Braucht Europa eine Verfassung?
![]() | Dr. Angela Merkel, MdB, Vorsitzende der CDU Deutschland |
Seit den ersten Schritten der europäischen Integration nach dem Zweiten Weltkrieg ist inzwischen über ein halbes Jahrhundert vergangen. Aus einer Vision wurde alltägliche Realität. Mit der Einführung des Euro als Bargeld am 1.Januar2002 wird jeder Bürger täglich von neuem erfahren, dass die Europäische Union nicht mehr nur eine Angelegenheit von Politikern und Spezialisten ist, sondern eine Schicksalsgemeinschaft geworden ist. Spätestens jetzt ist der Integrationsprozess so weit fortgeschritten und institutionell abgesichert, dass die spannende Frage zu Beginn des 21.Jahrhunderts nicht mehr pro oder contra europäische Einigung heißt. Vielmehr geht es um die Frage, welche Gestalt Europa haben soll, wie es verfasst sein soll. Auf dieser Einsicht aufbauend zog die CDU im Juni1999 in den Europawahlkampf mit dem Slogan Europa muss man richtig machen. Dafür erzielte sie das überwältigende Vertrauen der Wähler in Deutschland und stellt zusammen mit der CSU mit 53 von 99Mandaten die absolute Mehrheit der Europaabgeordneten aus unserem Land.

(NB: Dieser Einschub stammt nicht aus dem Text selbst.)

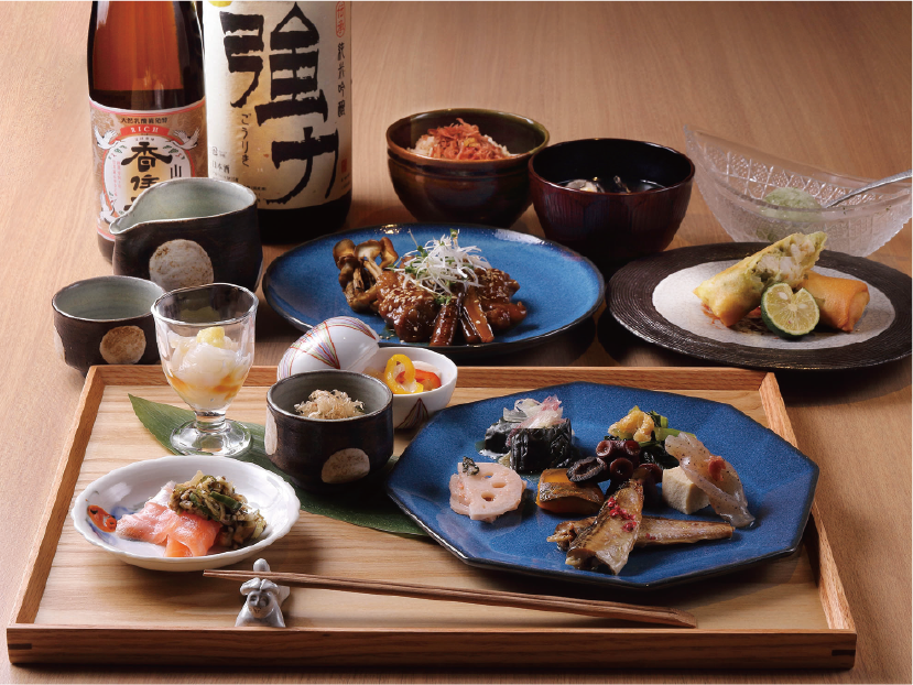 麒麟のまち前菜盛り合わせ/本日の鶏料理/春巻/セロリと桜エビのごはん/しじみの味噌汁/デザート/飲み放題(L.O.30分前)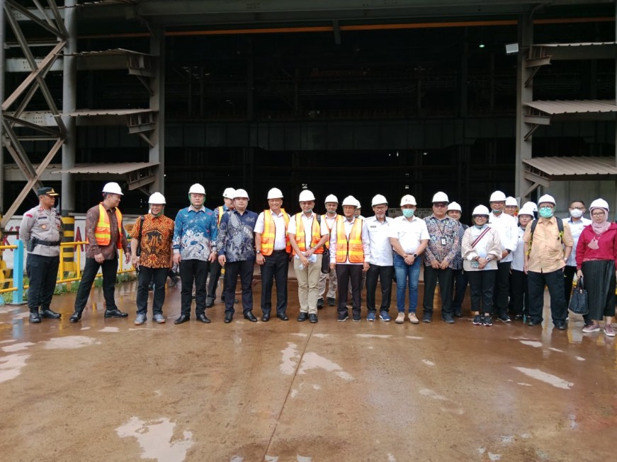 rangka meninjau 2 perusahaan pabrik smelter ore nikel PT Virtue Dragon Nikel Industri (VDNI) dan PT Obsidian Stainless Steel (OSS) yang berada di Kecamatan Morosi, Kabupaten Konawe, Sultra.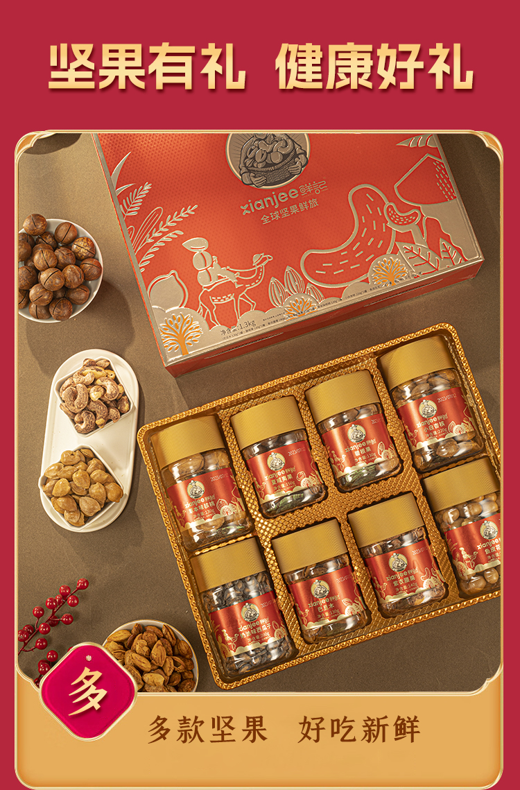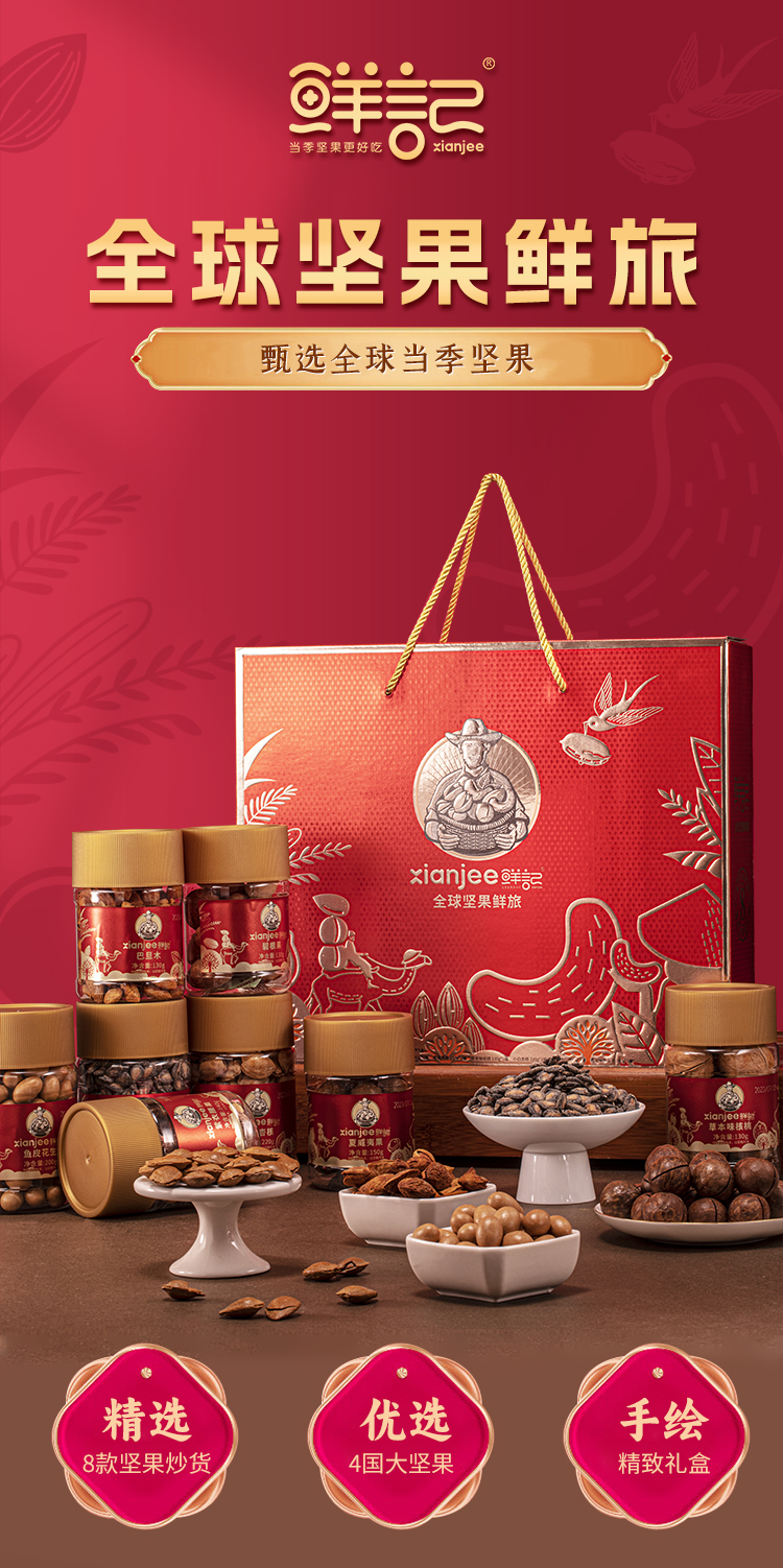 鲜记 全球坚果鲜旅1.3kg 匠心品质 以礼传情 休闲坚果礼盒 48小时发货

Die Hauptaussage über die künftige Gestalt Europas im CDU-Europawahlprogramm1999 war, einen Verfassungsvertrag anzustreben. Mit diesem Begriff machten wir deutlich, dass es nicht um eine Verfassung im herkömmlichen völkerrechtlichen Sinne geht, denn das Ziel des Verfassungsvertrages ist nicht, einen europäischen Staat zu gründen. Bereits seit 1988 hat Helmut Kohl bewusst auf den Begriff Vereinigte Staaten von Europa verzichtet, weil viele Menschen bei diesem Begriff an die Vereinigten Staaten von Amerika mit dem Konzept des melting pot of nations (Schmelztiegel der Nationen) dachten. Wir Christlichen Demokraten wollen aber eben nicht alle regionalen und nationalen Eigenarten in Europa zusammenschmelzen, sondern wollen im Gegenteil die regionale und nationale Vielfalt unseres Kontinents in einer globalisierenden Welt sogar stärken, damit auch in Zukunft die Menschen nicht orientierungslos und entwurzelt werden, sondern sich weiterhin in ihrer näheren Heimat wohl fühlen können. Die kulturelle Vielfalt macht in unseren Augen gerade den Reichtum unseres Kontinents aus. Wir wollen regionale und nationale Traditionen mit dem technischen, wirtschaftlichen und gesellschaftlichen Fortschritt harmonisch verbinden.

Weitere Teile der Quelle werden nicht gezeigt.